Data segment:
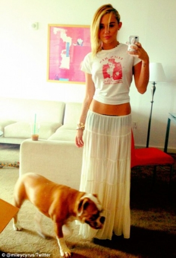 Miley twitteó la foto con la leyenda: "El uso de mi camiseta de la suerte :) fuera a hacer dopest s ** t everrrr".
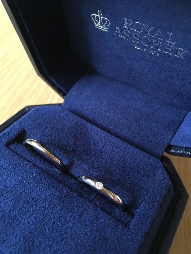プラチナとダイヤモンドのシンプルな指輪ですが、ずっとつけるものですので年をとってもいやらしくなく上品に使えそうだと思いました。私も夫も少し金属アレルギーがあったもので高品質なプラチナにも惹かれました。
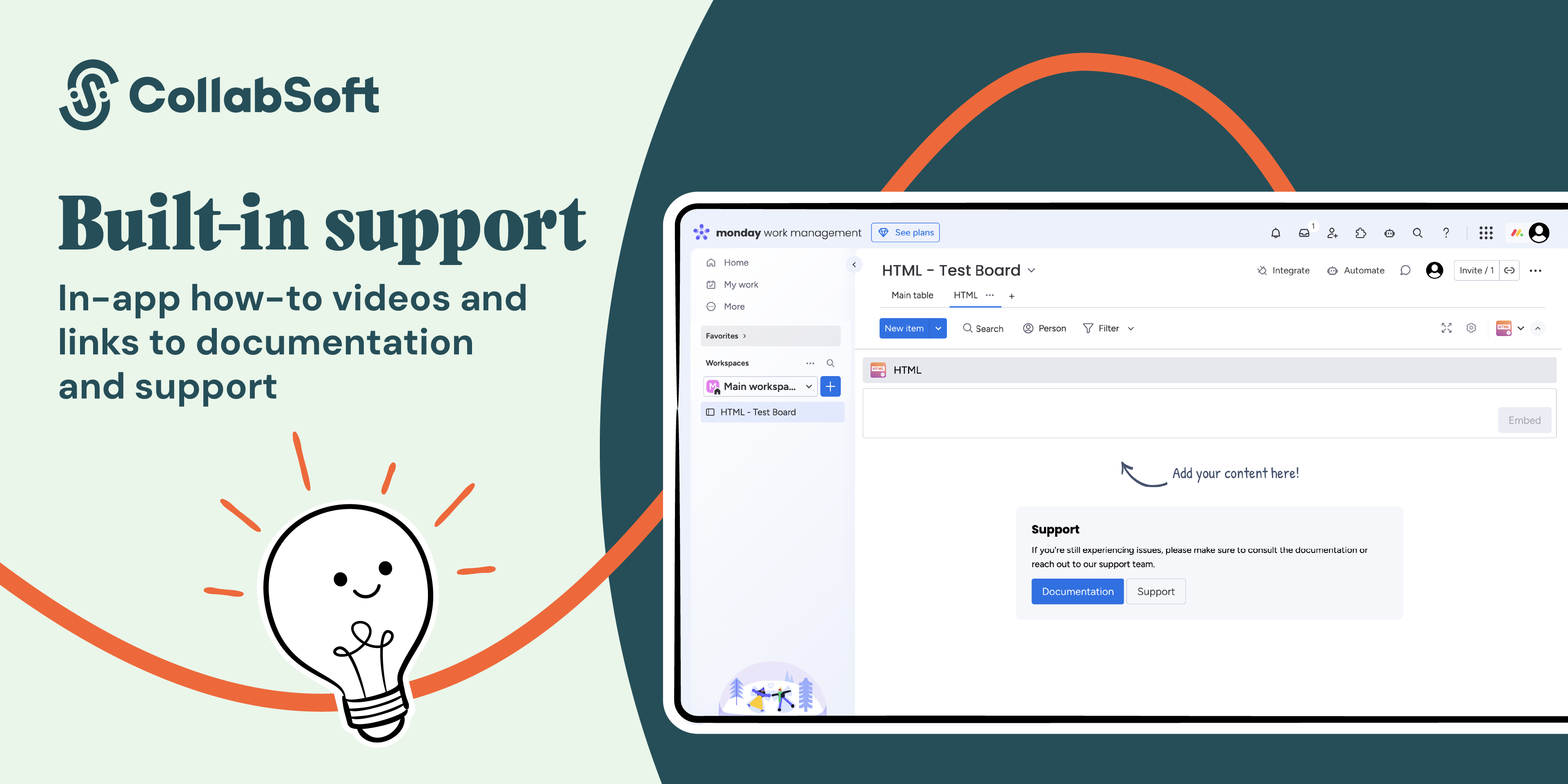 When you open the app in monday.com, how-to videos show you how to add a HTML dialog. You’ll also find links to our documentation and support portal if you need more help.
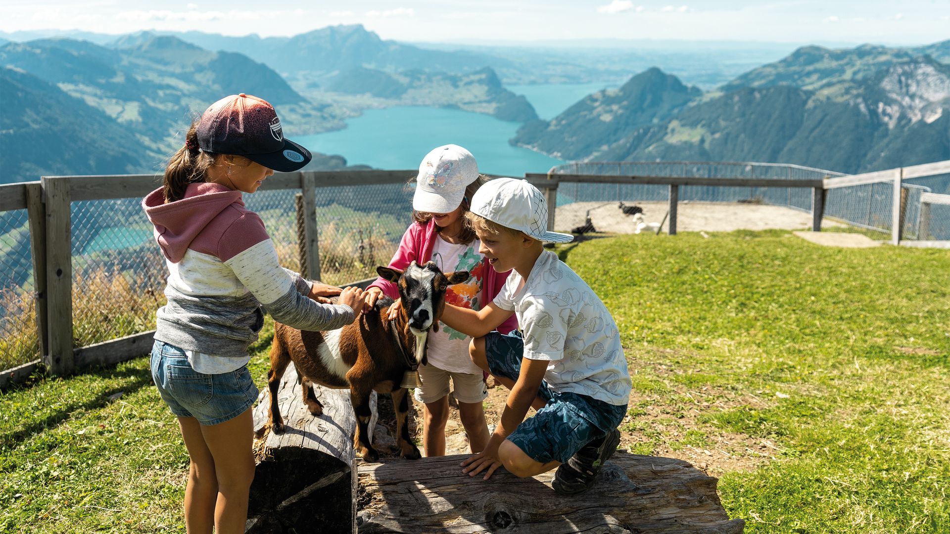 While the adults discuss which is Pilatus and which is Rigi, the children stroke the goats in the pasture. So the family outing is fun for everyone.

Assignment:
Leave out the images and write out the lines above exactly, from the one with "プラチナとダイヤモンドのシン" up to and including the one with "When you open".

Finished exercise:
プラチナとダイヤモンドのシンプルな指輪ですが、ずっとつけるものですので年をとってもいやらしくなく上品に使えそうだと思いました。私も夫も少し金属アレルギーがあったもので高品質なプラチナにも惹かれました。
 When you open the app in monday.com, how-to videos show you how to add a HTML dialog. You’ll also find links to our documentation and support portal if you need more help.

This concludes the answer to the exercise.